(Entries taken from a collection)
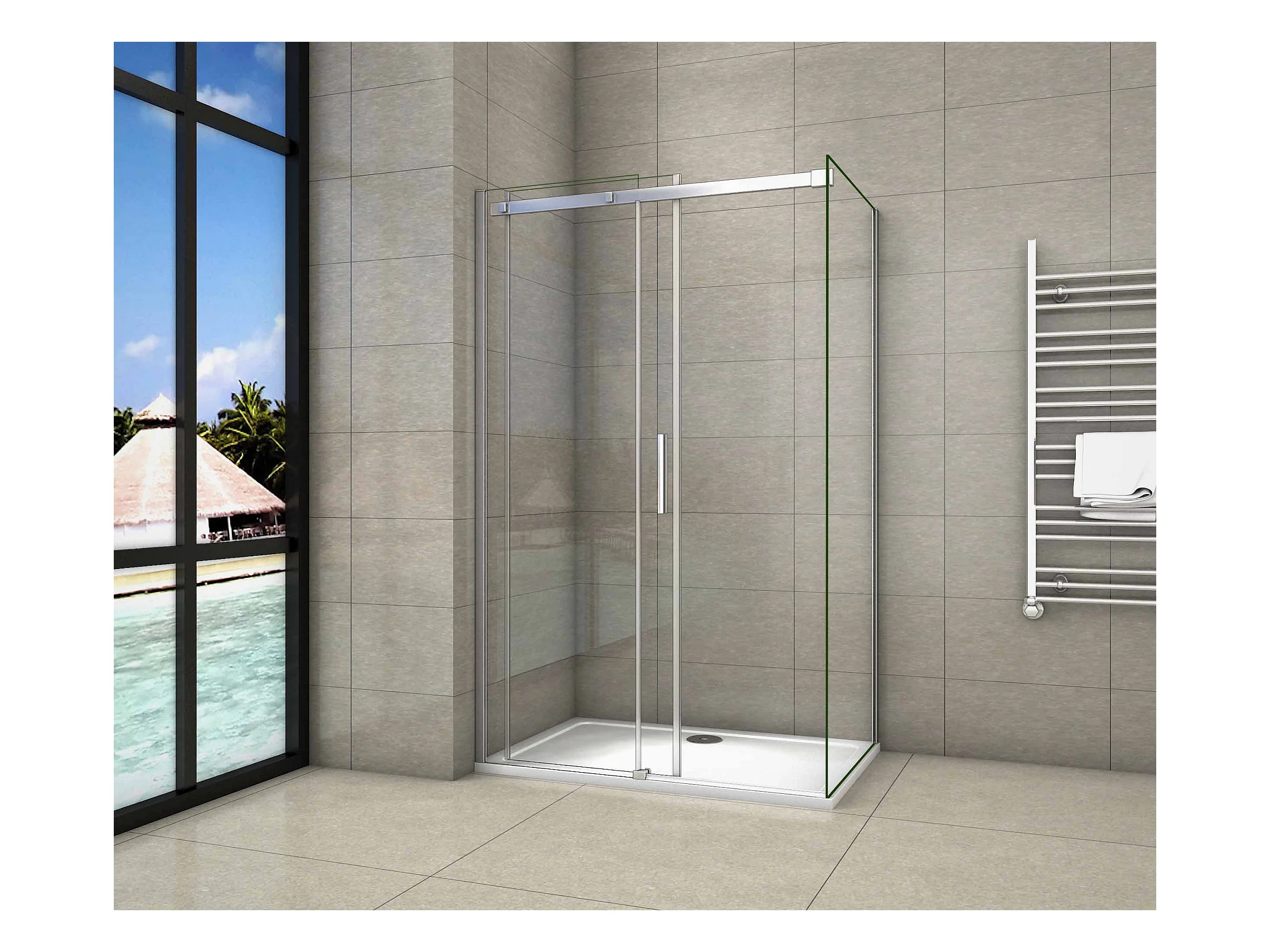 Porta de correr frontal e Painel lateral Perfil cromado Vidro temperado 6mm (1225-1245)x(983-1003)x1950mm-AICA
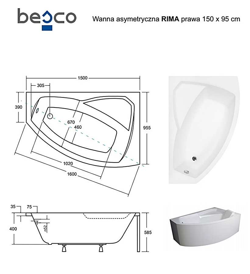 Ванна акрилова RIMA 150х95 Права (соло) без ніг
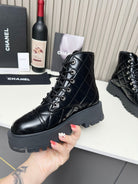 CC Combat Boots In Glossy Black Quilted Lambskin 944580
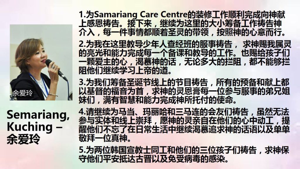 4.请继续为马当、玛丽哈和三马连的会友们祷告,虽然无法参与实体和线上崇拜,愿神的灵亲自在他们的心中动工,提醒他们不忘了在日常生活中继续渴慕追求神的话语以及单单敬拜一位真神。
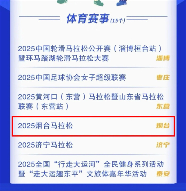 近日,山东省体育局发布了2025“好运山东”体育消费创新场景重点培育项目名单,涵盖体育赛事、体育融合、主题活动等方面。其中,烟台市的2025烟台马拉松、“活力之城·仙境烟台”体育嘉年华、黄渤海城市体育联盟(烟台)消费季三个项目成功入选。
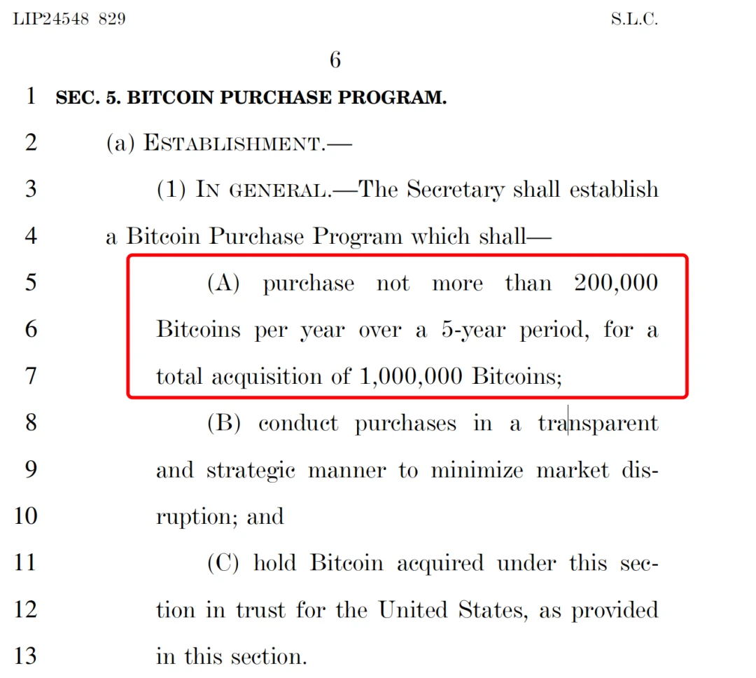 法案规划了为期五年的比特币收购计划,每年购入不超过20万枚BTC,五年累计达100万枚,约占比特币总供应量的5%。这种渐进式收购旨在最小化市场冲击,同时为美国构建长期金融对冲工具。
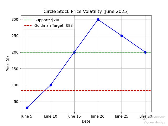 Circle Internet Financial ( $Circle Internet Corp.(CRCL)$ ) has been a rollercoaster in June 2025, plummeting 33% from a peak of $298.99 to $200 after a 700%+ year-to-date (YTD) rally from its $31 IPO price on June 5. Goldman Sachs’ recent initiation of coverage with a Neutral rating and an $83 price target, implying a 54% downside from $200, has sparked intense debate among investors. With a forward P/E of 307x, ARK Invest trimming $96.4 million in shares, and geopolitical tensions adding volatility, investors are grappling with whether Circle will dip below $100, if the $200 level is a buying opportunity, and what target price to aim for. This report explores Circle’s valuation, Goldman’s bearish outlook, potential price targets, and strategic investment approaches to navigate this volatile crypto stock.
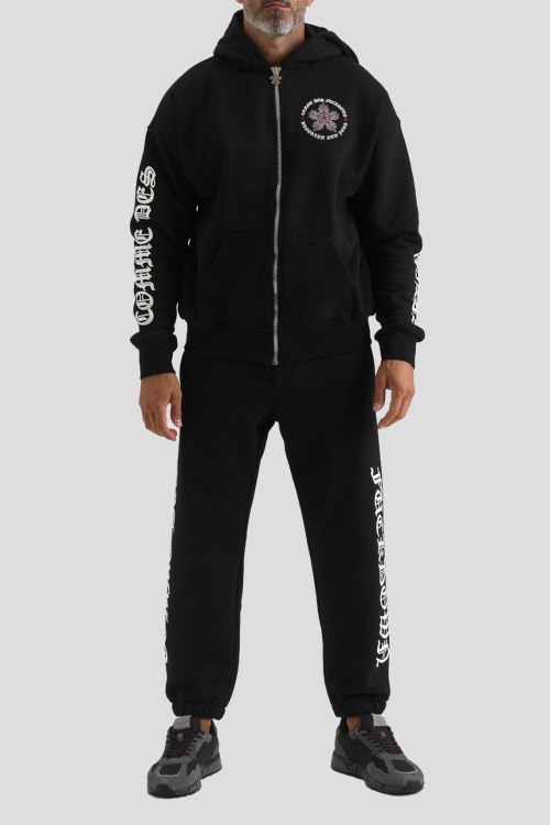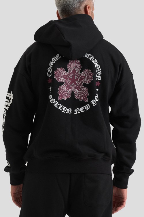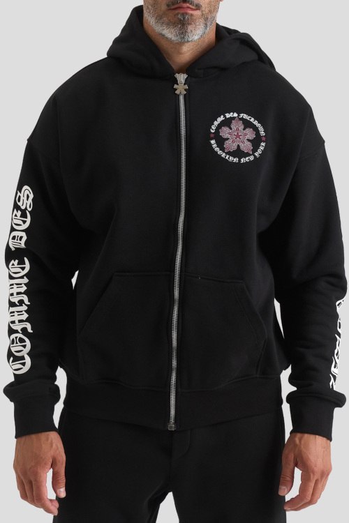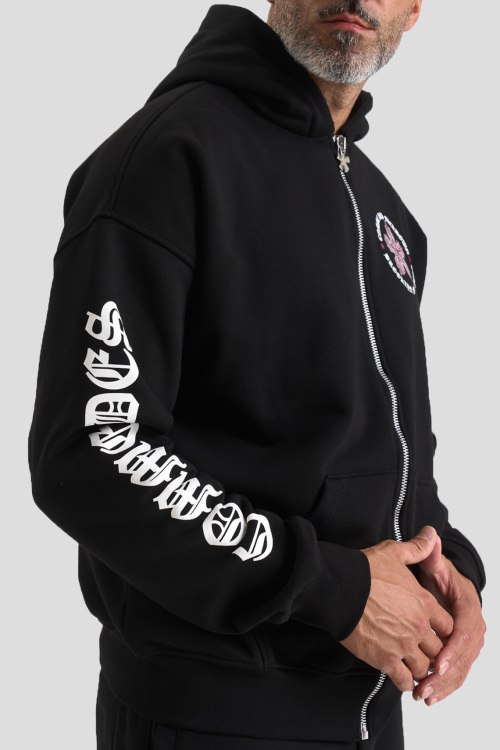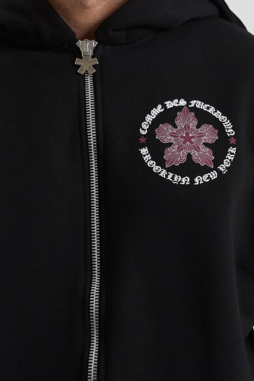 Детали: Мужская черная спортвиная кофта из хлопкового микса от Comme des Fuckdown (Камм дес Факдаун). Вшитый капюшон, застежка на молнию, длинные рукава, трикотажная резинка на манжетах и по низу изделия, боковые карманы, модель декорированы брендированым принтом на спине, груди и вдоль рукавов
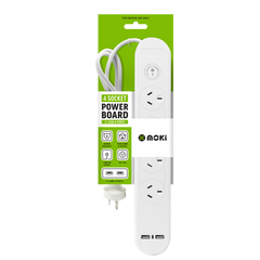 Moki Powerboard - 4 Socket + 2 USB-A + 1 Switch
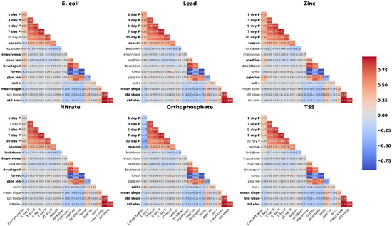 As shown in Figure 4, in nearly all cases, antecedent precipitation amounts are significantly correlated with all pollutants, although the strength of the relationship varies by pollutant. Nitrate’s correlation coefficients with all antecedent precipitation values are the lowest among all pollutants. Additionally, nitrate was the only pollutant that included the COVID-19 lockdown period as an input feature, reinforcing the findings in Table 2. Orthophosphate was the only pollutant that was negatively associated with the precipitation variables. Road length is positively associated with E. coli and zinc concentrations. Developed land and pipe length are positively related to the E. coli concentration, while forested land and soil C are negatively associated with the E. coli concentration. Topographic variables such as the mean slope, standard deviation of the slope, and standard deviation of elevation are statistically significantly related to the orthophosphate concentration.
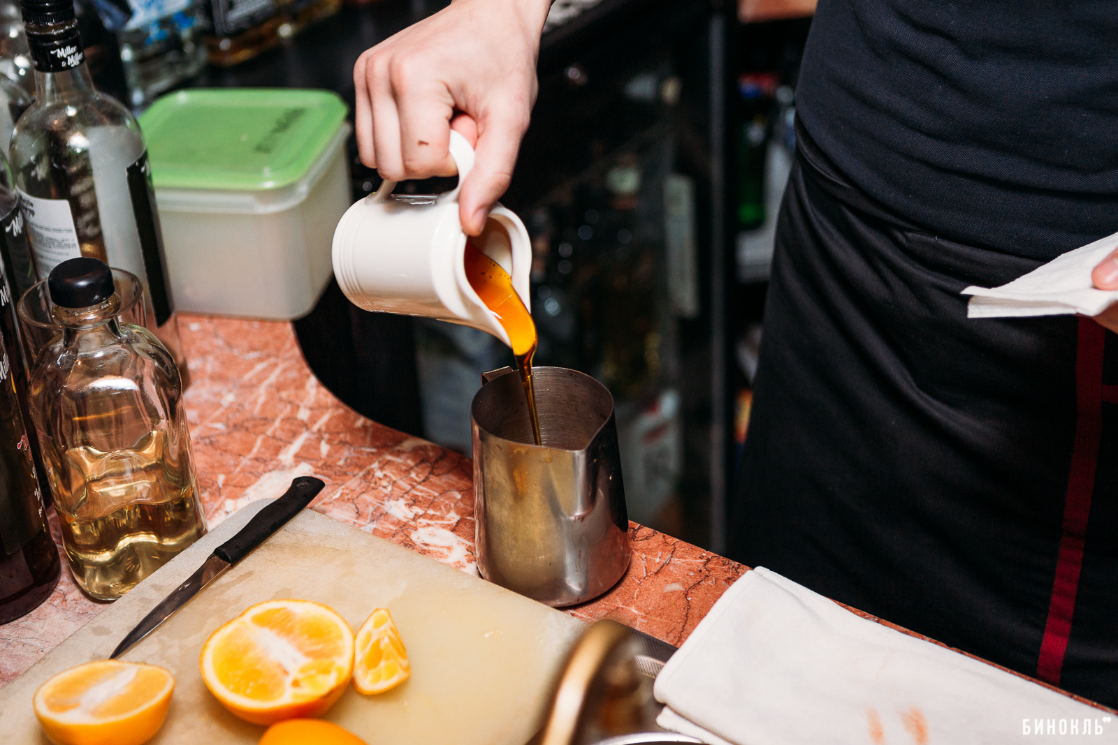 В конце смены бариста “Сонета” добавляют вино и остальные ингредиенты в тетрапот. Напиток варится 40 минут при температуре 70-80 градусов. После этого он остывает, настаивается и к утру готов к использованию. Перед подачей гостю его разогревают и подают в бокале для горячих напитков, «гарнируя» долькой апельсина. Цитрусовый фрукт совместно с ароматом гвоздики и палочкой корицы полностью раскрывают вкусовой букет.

## REQUIREMENT
Leave the pictures out. Repeat every entry above exactly.

## TASK ANSWER
 Porta de correr frontal e Painel lateral Perfil cromado Vidro temperado 6mm (1225-1245)x(983-1003)x1950mm-AICA
 Ванна акрилова RIMA 150х95 Права (соло) без ніг
 CC Combat Boots In Glossy Black Quilted Lambskin 944580
 4.请继续为马当、玛丽哈和三马连的会友们祷告,虽然无法参与实体和线上崇拜,愿神的灵亲自在他们的心中动工,提醒他们不忘了在日常生活中继续渴慕追求神的话语以及单单敬拜一位真神。
 近日,山东省体育局发布了2025“好运山东”体育消费创新场景重点培育项目名单,涵盖体育赛事、体育融合、主题活动等方面。其中,烟台市的2025烟台马拉松、“活力之城·仙境烟台”体育嘉年华、黄渤海城市体育联盟(烟台)消费季三个项目成功入选。
 法案规划了为期五年的比特币收购计划,每年购入不超过20万枚BTC,五年累计达100万枚,约占比特币总供应量的5%。这种渐进式收购旨在最小化市场冲击,同时为美国构建长期金融对冲工具。
 Circle Internet Financial ( $Circle Internet Corp.(CRCL)$ ) has been a rollercoaster in June 2025, plummeting 33% from a peak of $298.99 to $200 after a 700%+ year-to-date (YTD) rally from its $31 IPO price on June 5. Goldman Sachs’ recent initiation of coverage with a Neutral rating and an $83 price target, implying a 54% downside from $200, has sparked intense debate among investors. With a forward P/E of 307x, ARK Invest trimming $96.4 million in shares, and geopolitical tensions adding volatility, investors are grappling with whether Circle will dip below $100, if the $200 level is a buying opportunity, and what target price to aim for. This report explores Circle’s valuation, Goldman’s bearish outlook, potential price targets, and strategic investment approaches to navigate this volatile crypto stock.
 Детали: Мужская черная спортвиная кофта из хлопкового микса от Comme des Fuckdown (Камм дес Факдаун). Вшитый капюшон, застежка на молнию, длинные рукава, трикотажная резинка на манжетах и по низу изделия, боковые карманы, модель декорированы брендированым принтом на спине, груди и вдоль рукавов
 Moki Powerboard - 4 Socket + 2 USB-A + 1 Switch
 As shown in Figure 4, in nearly all cases, antecedent precipitation amounts are significantly correlated with all pollutants, although the strength of the relationship varies by pollutant. Nitrate’s correlation coefficients with all antecedent precipitation values are the lowest among all pollutants. Additionally, nitrate was the only pollutant that included the COVID-19 lockdown period as an input feature, reinforcing the findings in Table 2. Orthophosphate was the only pollutant that was negatively associated with the precipitation variables. Road length is positively associated with E. coli and zinc concentrations. Developed land and pipe length are positively related to the E. coli concentration, while forested land and soil C are negatively associated with the E. coli concentration. Topographic variables such as the mean slope, standard deviation of the slope, and standard deviation of elevation are statistically significantly related to the orthophosphate concentration.
 В конце смены бариста “Сонета” добавляют вино и остальные ингредиенты в тетрапот. Напиток варится 40 минут при температуре 70-80 градусов. После этого он остывает, настаивается и к утру готов к использованию. Перед подачей гостю его разогревают и подают в бокале для горячих напитков, «гарнируя» долькой апельсина. Цитрусовый фрукт совместно с ароматом гвоздики и палочкой корицы полностью раскрывают вкусовой букет.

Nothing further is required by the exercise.